What is required: Please give back word for word the lines below, from the first one through the one with "- [Vielseitiges Topfset]".

Extracted data entries:
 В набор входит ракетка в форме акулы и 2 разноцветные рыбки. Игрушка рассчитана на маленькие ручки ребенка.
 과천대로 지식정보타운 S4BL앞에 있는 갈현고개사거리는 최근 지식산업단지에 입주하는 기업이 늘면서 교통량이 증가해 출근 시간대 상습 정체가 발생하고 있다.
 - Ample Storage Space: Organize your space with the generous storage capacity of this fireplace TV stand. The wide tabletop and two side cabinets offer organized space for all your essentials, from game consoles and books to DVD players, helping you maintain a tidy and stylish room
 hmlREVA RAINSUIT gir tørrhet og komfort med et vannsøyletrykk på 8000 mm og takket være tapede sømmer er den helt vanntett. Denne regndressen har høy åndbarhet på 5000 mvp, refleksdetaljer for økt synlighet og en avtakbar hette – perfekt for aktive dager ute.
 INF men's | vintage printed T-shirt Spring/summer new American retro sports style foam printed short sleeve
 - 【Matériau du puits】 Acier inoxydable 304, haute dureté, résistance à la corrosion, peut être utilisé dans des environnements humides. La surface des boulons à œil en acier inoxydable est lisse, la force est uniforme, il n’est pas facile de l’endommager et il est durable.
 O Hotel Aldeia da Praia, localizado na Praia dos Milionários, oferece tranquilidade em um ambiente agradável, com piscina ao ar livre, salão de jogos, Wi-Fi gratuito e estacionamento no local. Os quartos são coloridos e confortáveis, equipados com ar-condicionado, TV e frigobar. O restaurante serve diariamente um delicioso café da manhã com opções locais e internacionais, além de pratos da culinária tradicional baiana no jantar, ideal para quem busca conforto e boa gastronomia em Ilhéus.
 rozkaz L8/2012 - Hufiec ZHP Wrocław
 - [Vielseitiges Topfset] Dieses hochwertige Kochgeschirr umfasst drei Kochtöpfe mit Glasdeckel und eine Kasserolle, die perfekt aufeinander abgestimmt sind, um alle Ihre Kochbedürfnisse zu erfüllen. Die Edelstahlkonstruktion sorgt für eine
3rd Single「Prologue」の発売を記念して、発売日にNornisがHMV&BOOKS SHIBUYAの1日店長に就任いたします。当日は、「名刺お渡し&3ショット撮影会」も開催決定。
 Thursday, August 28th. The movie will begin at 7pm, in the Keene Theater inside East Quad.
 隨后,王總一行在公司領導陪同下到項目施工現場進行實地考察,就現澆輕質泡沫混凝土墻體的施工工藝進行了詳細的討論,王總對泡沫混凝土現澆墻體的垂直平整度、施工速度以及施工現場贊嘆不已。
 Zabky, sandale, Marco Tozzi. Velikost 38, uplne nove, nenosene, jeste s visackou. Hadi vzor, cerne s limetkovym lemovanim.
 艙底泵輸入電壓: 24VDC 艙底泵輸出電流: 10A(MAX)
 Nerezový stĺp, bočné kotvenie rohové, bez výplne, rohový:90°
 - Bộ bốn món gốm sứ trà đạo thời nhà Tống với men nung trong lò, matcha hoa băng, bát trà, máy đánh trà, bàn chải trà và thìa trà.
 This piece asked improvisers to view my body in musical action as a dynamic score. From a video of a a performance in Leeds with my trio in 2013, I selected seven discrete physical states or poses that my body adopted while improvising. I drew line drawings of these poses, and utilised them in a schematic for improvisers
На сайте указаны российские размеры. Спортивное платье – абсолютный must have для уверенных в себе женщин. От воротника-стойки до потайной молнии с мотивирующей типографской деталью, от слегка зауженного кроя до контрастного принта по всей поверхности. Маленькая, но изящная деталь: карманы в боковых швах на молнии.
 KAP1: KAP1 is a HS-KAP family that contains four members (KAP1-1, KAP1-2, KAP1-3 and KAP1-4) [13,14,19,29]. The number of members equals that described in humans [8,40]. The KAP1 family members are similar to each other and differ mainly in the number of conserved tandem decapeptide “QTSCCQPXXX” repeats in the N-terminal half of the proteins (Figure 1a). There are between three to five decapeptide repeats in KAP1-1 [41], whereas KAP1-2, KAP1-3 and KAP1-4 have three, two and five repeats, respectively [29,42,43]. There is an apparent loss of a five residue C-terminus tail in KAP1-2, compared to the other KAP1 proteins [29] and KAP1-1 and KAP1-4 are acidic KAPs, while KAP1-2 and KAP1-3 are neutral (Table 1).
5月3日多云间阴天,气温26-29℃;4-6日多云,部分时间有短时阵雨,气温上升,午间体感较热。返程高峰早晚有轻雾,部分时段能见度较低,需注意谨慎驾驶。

Solution to the problem:
 В набор входит ракетка в форме акулы и 2 разноцветные рыбки. Игрушка рассчитана на маленькие ручки ребенка.
 과천대로 지식정보타운 S4BL앞에 있는 갈현고개사거리는 최근 지식산업단지에 입주하는 기업이 늘면서 교통량이 증가해 출근 시간대 상습 정체가 발생하고 있다.
 - Ample Storage Space: Organize your space with the generous storage capacity of this fireplace TV stand. The wide tabletop and two side cabinets offer organized space for all your essentials, from game consoles and books to DVD players, helping you maintain a tidy and stylish room
 hmlREVA RAINSUIT gir tørrhet og komfort med et vannsøyletrykk på 8000 mm og takket være tapede sømmer er den helt vanntett. Denne regndressen har høy åndbarhet på 5000 mvp, refleksdetaljer for økt synlighet og en avtakbar hette – perfekt for aktive dager ute.
 INF men's | vintage printed T-shirt Spring/summer new American retro sports style foam printed short sleeve
 - 【Matériau du puits】 Acier inoxydable 304, haute dureté, résistance à la corrosion, peut être utilisé dans des environnements humides. La surface des boulons à œil en acier inoxydable est lisse, la force est uniforme, il n’est pas facile de l’endommager et il est durable.
 O Hotel Aldeia da Praia, localizado na Praia dos Milionários, oferece tranquilidade em um ambiente agradável, com piscina ao ar livre, salão de jogos, Wi-Fi gratuito e estacionamento no local. Os quartos são coloridos e confortáveis, equipados com ar-condicionado, TV e frigobar. O restaurante serve diariamente um delicioso café da manhã com opções locais e internacionais, além de pratos da culinária tradicional baiana no jantar, ideal para quem busca conforto e boa gastronomia em Ilhéus.
 rozkaz L8/2012 - Hufiec ZHP Wrocław
 - [Vielseitiges Topfset] Dieses hochwertige Kochgeschirr umfasst drei Kochtöpfe mit Glasdeckel und eine Kasserolle, die perfekt aufeinander abgestimmt sind, um alle Ihre Kochbedürfnisse zu erfüllen. Die Edelstahlkonstruktion sorgt für eine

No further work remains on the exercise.